By November 1, the JTWC had classified Ramil as a tropical depression, giving the international designation of 28W, after convection around its low-level circulation center (LLCC) began to consolidate. Thereafter, on November 2, the JMA upgraded the system to a tropical storm, receiving the name Damrey after it left the Philippine Area of Responsibility, becoming the twenty-third named storm of the season. After the system entered a favorable environment for intensification, including continuous convective organization, the JTWC followed suit on upgrading it to a tropical storm. Satellite imagery later depicted deep convective banding wrapping its LLCC, which caused Damrey to further strengthen. By 18:00 UTC of the same day, Damrey had strengthened into a severe tropical storm on the JMA scale. Shortly thereafter, the structure of the storm had become more symmetric, with much deeper convection and an improved radial outflow. Vertical wind shear was also very low at around 5 knots, which was favorable for intensification.

The JMA upgraded Damrey to a typhoon early on November 3. Three hours later, the JTWC followed suit and classified it as a Category 1-equivalent typhoon, after animated satellite imagery depicted a "strengthening" system and a well-defined circular eye like feature. At this stage, Damrey was located in conditions of low shear and warm sea-surface temperatures of  with good outflow. The JMA had already declared that Damrey reached its peak intensity with 10-minute sustained winds of 130 km/h (80 mph) and a minimum barometric pressure of 970 hPa. Six hours later, microwave images showed the eye becoming well-defined and an improved storm structure with a large centralized convective mass occluding to its center. By 21:00 UTC, the JTWC upgraded Damrey to a Category 2-equivalent typhoon, reaching its peak strength with 1-minute sustained winds of 165 km/h (105 mph). The JTWC issued their final advisory on the typhoon on 03:00 UTC on November 4, as it made landfall in Vạn Ninh District, Khánh Hòa Province, Vietnam. While over land, its convective structure began to deteriorate, and three hours later the JMA downgraded Damrey to a severe tropical storm, then to a tropical storm. The JMA issued their final advisory on 12:00 UTC on November 4. The agency continued to track the system as it fully dissipated on 00:00 UTC on November 5.

Preparations and impact

Philippines
On October 31, the PAGASA had raised a Tropical Cyclone Warning Signal #1, the lowest of five, to a few provinces, mostly over Western Visayas (Region VI) and the island of Palawan.
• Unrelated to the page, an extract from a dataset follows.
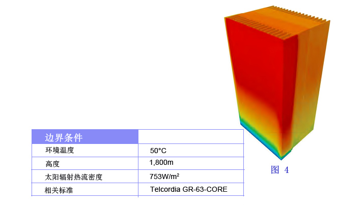利用FloTHERM進(jìn)行的CFD仿真(如圖4所示)顯示了基站系 統(tǒng)在極端操作環(huán)境

PAGASA had also warned residents of risky sea travel over the areas raised by the signal warning, including northern and eastern seaboards of Luzon. Some domestic flights were canceled and trips to and from the Batangas Port were canceled during November 1. Estimated rainfall around the 200 km radius of the system was classified from moderate to occasionally heavy.

The National Disaster Risk Reduction and Management Council (NDRRMC) stated that 305 people had evacuated in the provinces of Camarines Norte, Camarines Sur and in Mindoro, while some 1,938 people were stranded in ports over in Palawan and Batangas. Eight domestic flights were canceled on November 2 while the PAGASA suspended work and classes that day. 14 landslides were recorded in the province of Camarines Sur, killing one person. Three students also died in Busuanga, Palawan after drowning in a river. One road and four bridges were also affected and not passable in the Cagayan Valley. On November 4, the total number of fatalities rose to 8. Torrential rains caused by the storm resulted in 2.5 ft of deep flooding, damaging agricultural crops. Agricultural damages were totaled to Php1.03 million (US$20,000) over in the city of Aurora Quezon on November 4.

Vietnam

By November 8, at least 106 people had been killed in Vietnam as a result of the typhoon, with 197 others injured and 25 missing. Widespread flooding was reported, with more than 116,000 homes having been destroyed or damaged. UNICEF estimated at least four million people had been directly impacted by the storm and were in need of support. The beach resort of Nha Trang was among the worst hit areas, 30,000 inhabitants and tourists had to be evacuated from the area.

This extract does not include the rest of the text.